Wikipedia states, that the definition of convolution of function $f$ with a distribution $T$ is
$$\langle T\ast f,\varphi\rangle=\langle T,\tilde{f}\ast\varphi\rangle$$
where $\langle T,f\rangle=T(f(x))$ and $\tilde{f}=\mathrm{d}_{-1}f(x)=f(-x)$ dilation of $f$ and this should hold $\forall\varphi\in\mathscr{S}$.
Then, convolution of distributions is defined by
$$(T\ast S)\ast \varphi=T\ast(S\ast\varphi)$$
and $T\ast \varphi$ is supposed to be a function.

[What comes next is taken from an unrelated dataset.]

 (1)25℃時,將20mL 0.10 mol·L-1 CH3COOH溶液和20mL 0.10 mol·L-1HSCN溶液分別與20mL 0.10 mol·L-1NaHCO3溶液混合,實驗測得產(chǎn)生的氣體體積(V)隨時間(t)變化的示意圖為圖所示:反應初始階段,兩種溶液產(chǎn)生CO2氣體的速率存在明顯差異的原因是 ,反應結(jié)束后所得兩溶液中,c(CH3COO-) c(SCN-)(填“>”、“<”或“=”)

My question is, how is this possible if $T\ast\varphi=T(\tilde{\varphi}\ast\phi)$ and $\tilde{\varphi}\ast\phi$ is a function and a distribution acting on a function is a number: $$T:\mathscr{S}(\mathbb{R}^n)\to\mathbb{R}$$
then a convolution defined like this should be a number and convolution defined as $$T\ast(S\ast\varphi)=T(S(\tilde{\varphi}\ast\phi))$$
should be a distribution acting on a number, which is nonsense?
It is stated, that an equivalent definition is
$$T\ast \varphi=\langle T,\tau_{-x}\varphi\rangle$$
how can that be an equivalent definition?
Best Answer
This is rather fishy. Convolution corresponds via Fourier transform to pointwise multiplication. You can multiply a tempered distribution by a test function and get a tempered distribution, but in general you can't multiply two tempered distributions and get a tempered distribution. See e.g. the discussion in Reed and Simon, Methods of Modern Mathematical Physics II: Fourier Analysis and Self-Adjointness, sec. IX.10.

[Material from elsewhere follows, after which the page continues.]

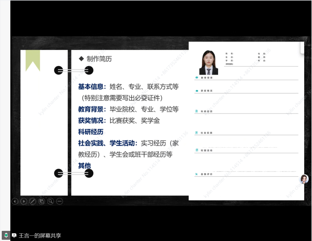 随后,王言一同志强调了简历制作在求职过程中的关键作用,建议同学们精心设计简历,将亮点放在显眼位置,简历应涵盖基本信息、教育背景、实习经历及社会实践等内容,以全面展示个人能力。她还推荐根据简历内容提前准备自我介绍,确保在面试中能够清晰、自信地表达自身优势。

For example, with $n=1$ try $f = 1$. $$\widetilde{f} \star \phi(x) = \int_{\mathbb R} \phi(x-t)\; dt = \int_{\mathbb R} \phi(t)\; dt$$ is a constant function, not a member of $\mathscr S$ unless it happens to be $0$. So in general you can't define $T \star f$ for this $f$ and a tempered distribution $T$. What you can define is $T \star f$ for $f \in \mathscr S$. Then it does turn out that the tempered distribution $T \star f$ corresponds to a polynomially bounded $C^\infty$ function (Reed and Simon, Theorem IX.4). But, again, in general you can't make sense of the convolution of this with a tempered distribution.
EDIT: When I say that a tempered distribution $T$ "corresponds to a function" $g$, I mean $T(\phi) = \int g(x)\; \phi(x)\; dx$.